Monday, October 12, 2009

Obama Needs to Deliver Change

Obama Needs to Deliver Change
By Jerome Grossman

Obama's very effectiveness as a president is widely viewed as being in serious question. He is unable to convince people that the stimulus program is working. His health care reform program is under attack from a variety of interests. On the Afghanistan war, he seems indecisive.

Combined with his lack of executive experience, his seeming inability to resolve political problems affect his ability to govern. Obama’s quick trip to Copenhagen to lobby for Chicago's bid on the Olympic Games-and then to be rejected-seemed to indicate poor staff work and a trivialization of priorities. Allowing General Stanley McChrystal to lobby the public to affect the president's decision on Afghanistan weakened Obama’s authority. A confident president would have fired the general as Truman did with MacArthur and Bush did with Shinseki. The situation blended into comic relief when Obama was awarded the Nobel Peace Prize while fighting two wars and planning on a third.

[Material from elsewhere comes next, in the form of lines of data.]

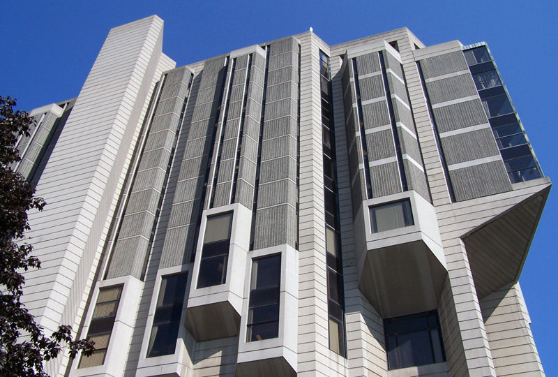 Robarts Library, University of Toronto
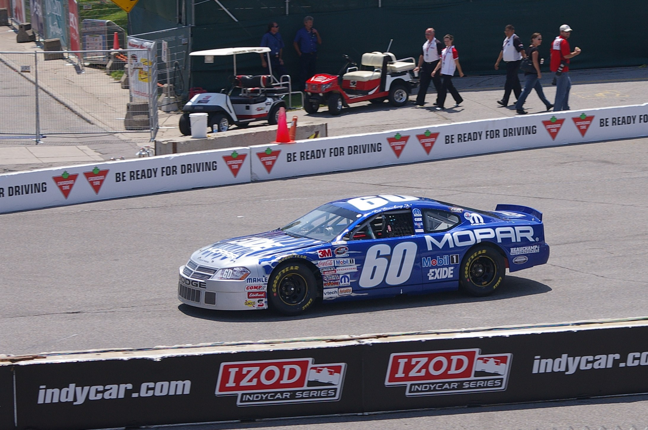 Ron Beauchamp, Jr. drives the No. 60 Dodge during practice for the NASCAR Canadian Tire Series Jumpstart 100 at Toronto.
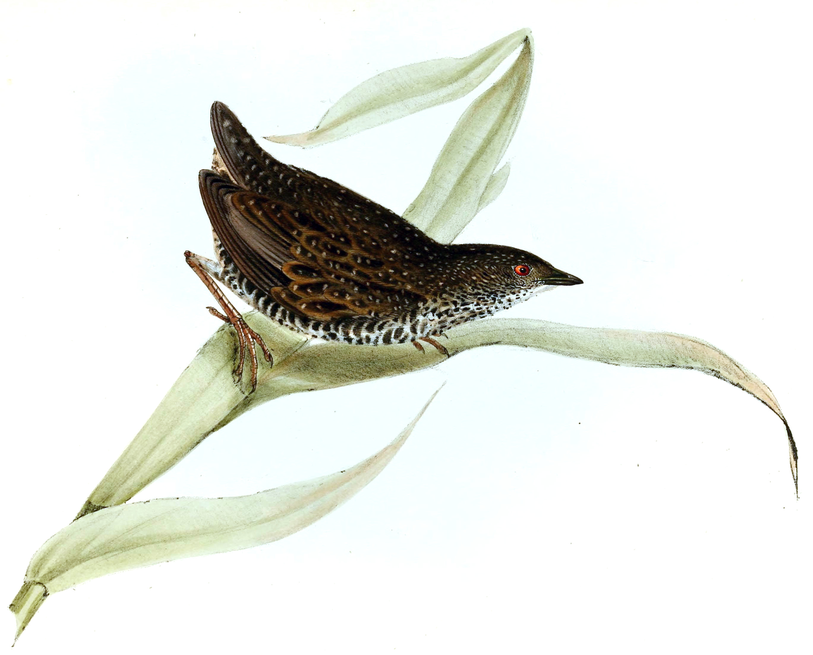 (Coturnicops notata notata (Gould, 1841)) (Original description: Zapornia notata explanation for modern name here)
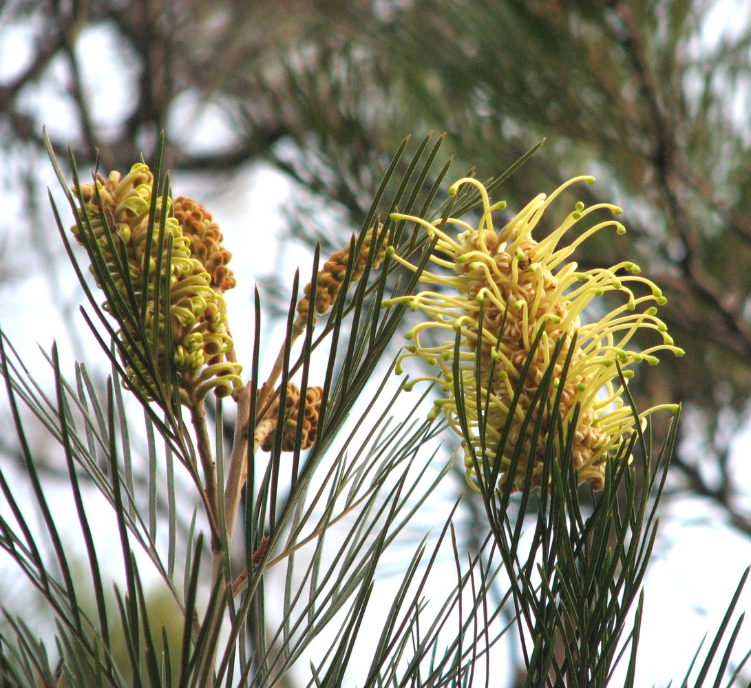 Grevillea whiteana, Maranoa Gardens, Balwyn, Victoria, Australia
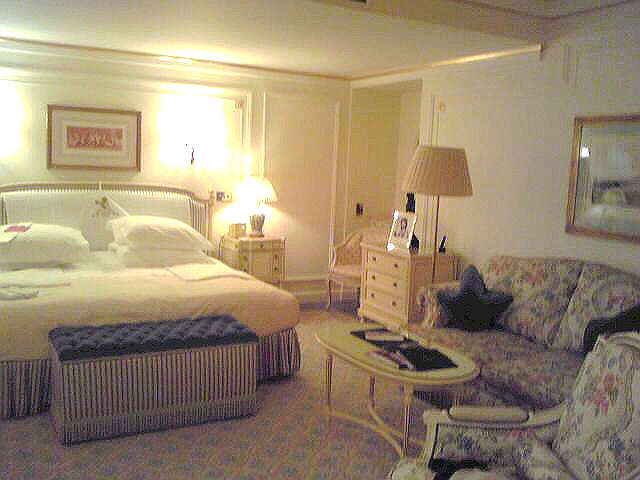 Ritz London, Deluxe Room
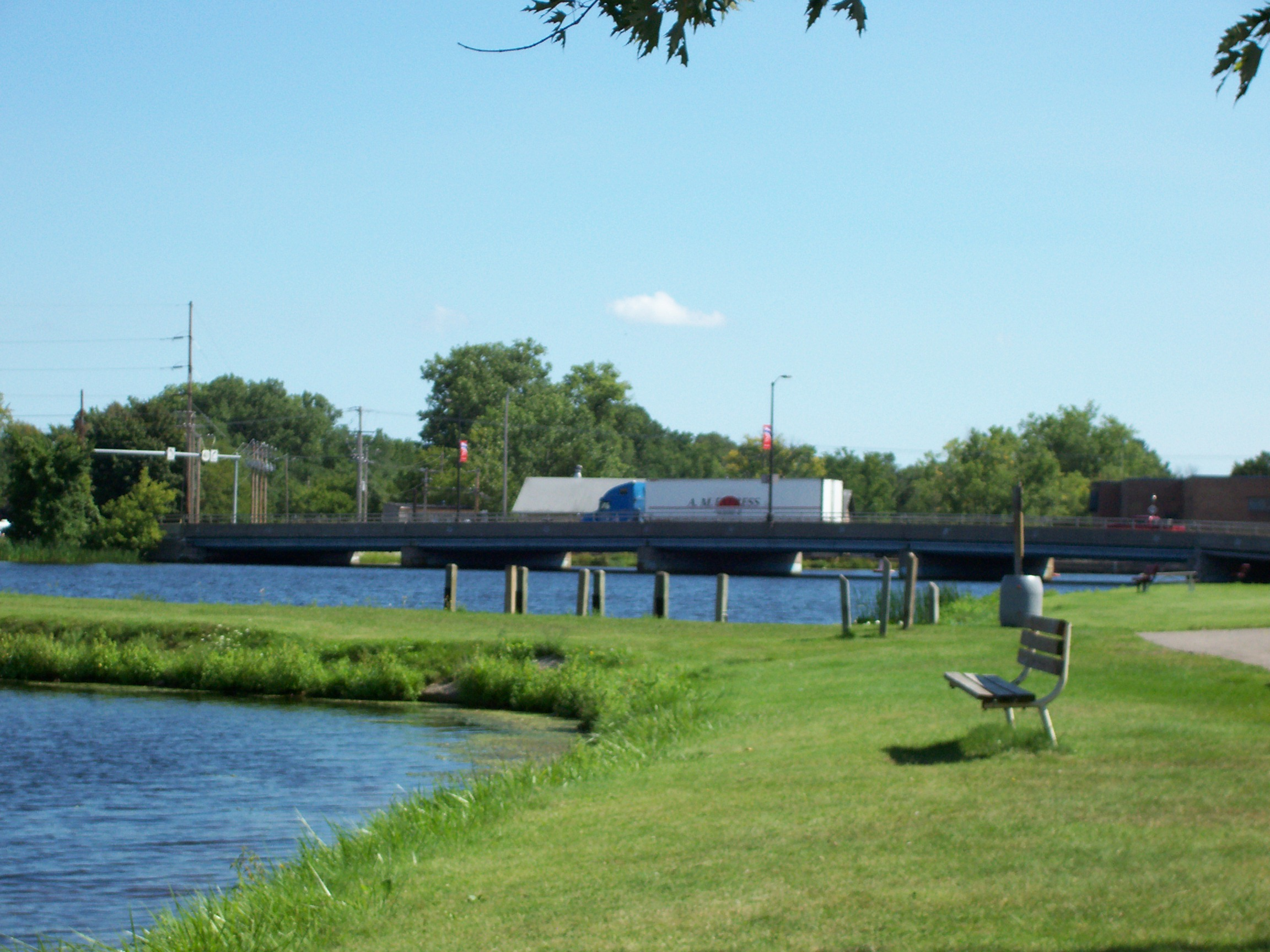 Looking east at the U.S. Route 41 bridge over the Peshtigo River from a city park in downtown Peshtigo,Wisconsin, USA.
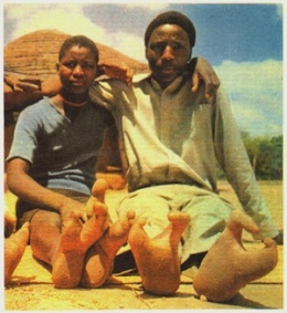 Vadoma people
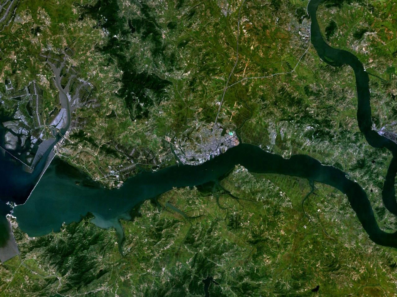 Namp'o, North Korea. Satellite view.
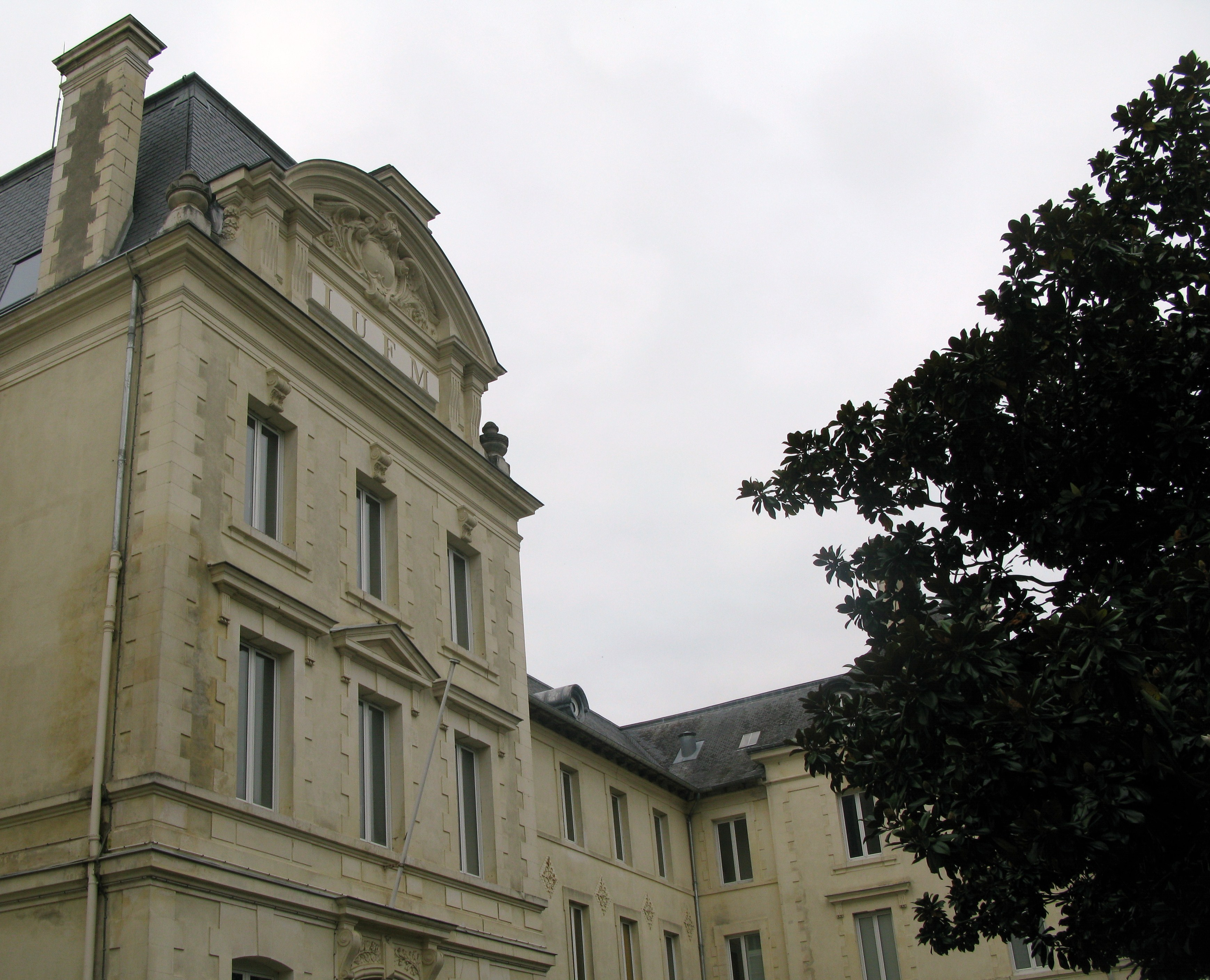 IUFM (center for teachers training) in Rennes, school belonging to the University of Western Brittany.
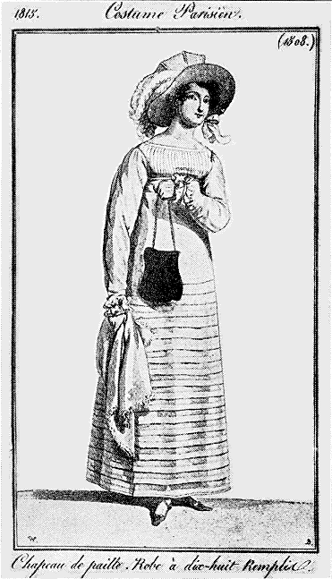 "Chapeau de Paille. Robe à dix-huit Remplis." from Costume Parisien, 1815. A dress with 18 tucks worn by French royalists to show their loyalty to Louis XVIII and the restored Bourbon dynasty. (Partisans of Napoleon wore violets...)
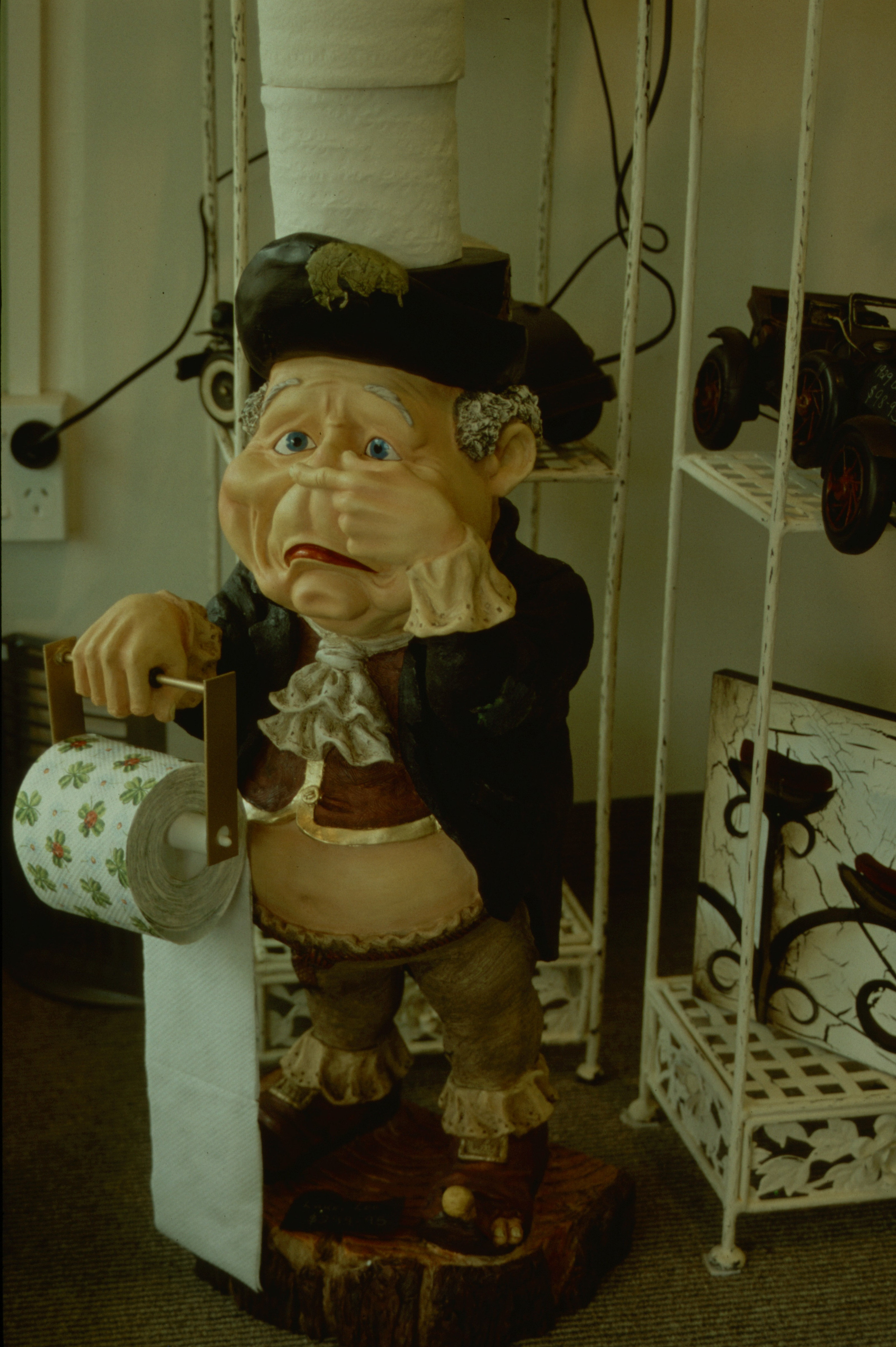 Toilet paper holder in a New Zealand shop
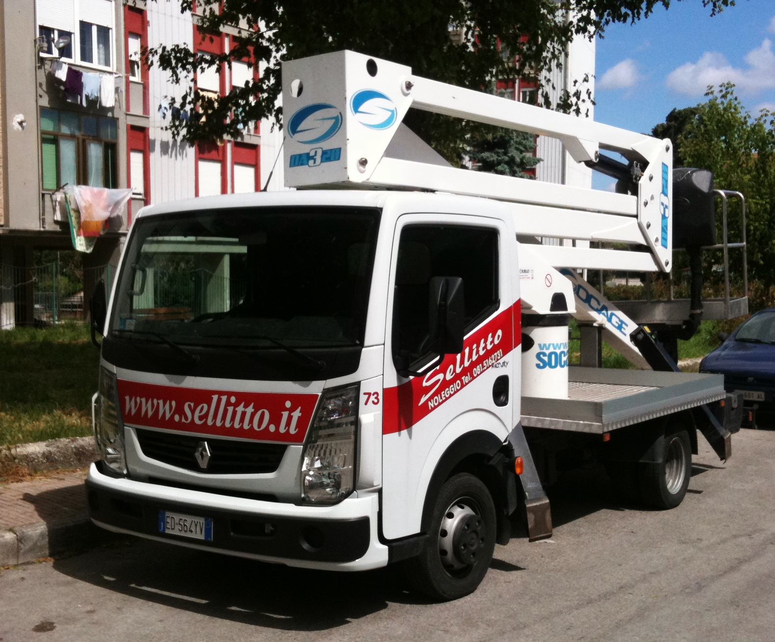 Renault Maxity in Avellino
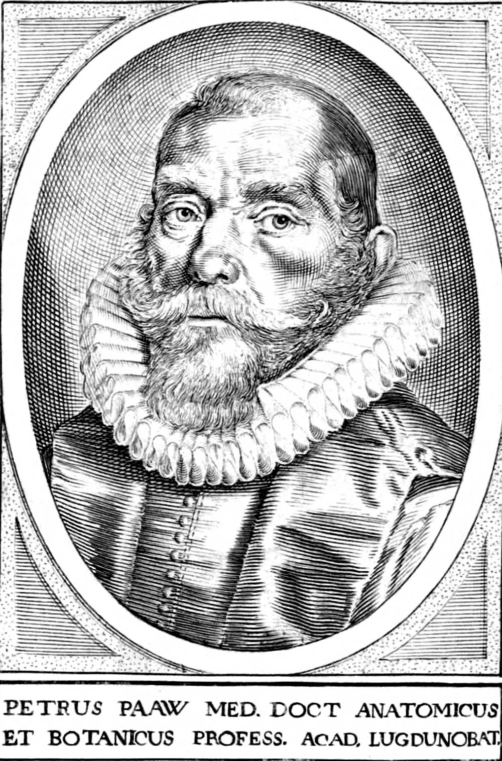 Petrus Paaw (born 1564, died 1617), a Dutch botanist and anatomist. This picture was used in his work Succenturiatus Anatomicus, continens Commentaria in Hippocratem de Capitis Vulneribus. Additæ sunt Annotationes in aliquot Capita Libri octavi C. Celsi, which was published in 1616 and is now available in the digital collection of the Bayerische StaatBibliothek here. The same picture can also be seen here, on the website of the Bibliothèque Interuniversitaire de Médecine of Paris.
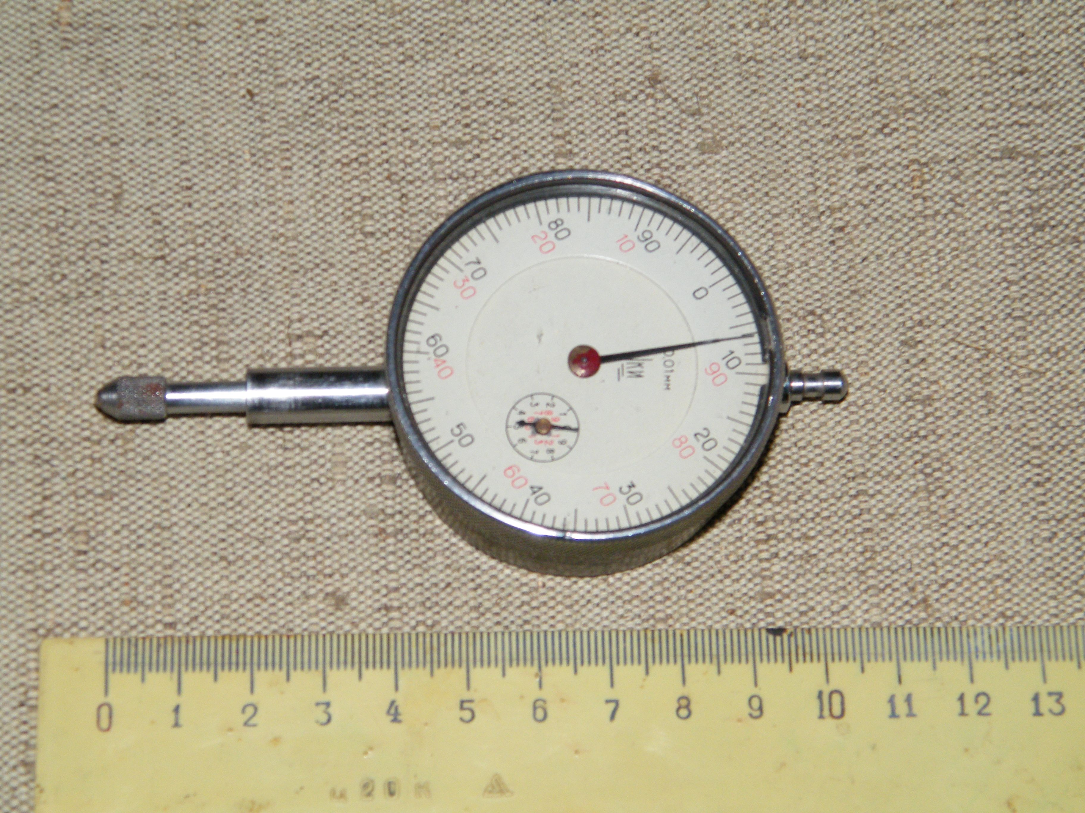 Индикатор часового типа

Around the world, supporters of Obama worry about his failure to change Bush policies and to solve pressing problems. They see demonstrations in front of the White House by Obama supporters disappointed that he hasn't changed the “don't ask, don't tell” military policy as he promised in the campaign. And those who want an end to the Afghan war or least an exit strategy are acting out in Congress and around the country.

The New Statesman, an authoritative British publication lists the problems that Obama has not solved. The whole world is watching.

1. He continued the Bush policy on narrow definition of “state secrets”, keeping information from the public unnecessarily.

2. He has retreated on a government-run health insurance plan.

3. He has failed to persuade Congress to take a substantive action on the emissions that affect climate change.

4. He has continued the Bush trillion dollar bank bailouts.

5. He failed to control bonuses for the executives of banks.

6. He made permanent the Bush tax cuts enacted in 2001 and 2003.

7. He has been unable to close the prison at Guantánamo; force-feeding operations have continued.

8. He has refused to release photographs of Bush administration “advanced interrogation” techniques and backed immunity for Bush officials involved in torture.

9. He has increased U.S. troops in Afghanistan and extended operations into Pakistan.

10. He has issued signing statements claiming the authority to bypass provisions of pills enacted into law.

11. Obama has failed to deliver to organized labor the changes in law promised for a generation.

Obama’s own supporters worry that he is not living up to his specific campaign promises and that when he tries to do so he does not seem to know how to use his power. Obama is a very popular leader of a party that won a landslide election in 2008. He has a team of centrist advisors headed by Chief of Staff Rahm Emanuel, an experienced team that knows the political ropes and the pressures necessary to get things done in Washington. While they understand political hardball, they seem to be unwilling to use it to energize the serious change that Obama inspired in his sensational campaign. The alternative strategy would involve the development of a mass grass roots movement to promote very specific goals for peace and economic justice.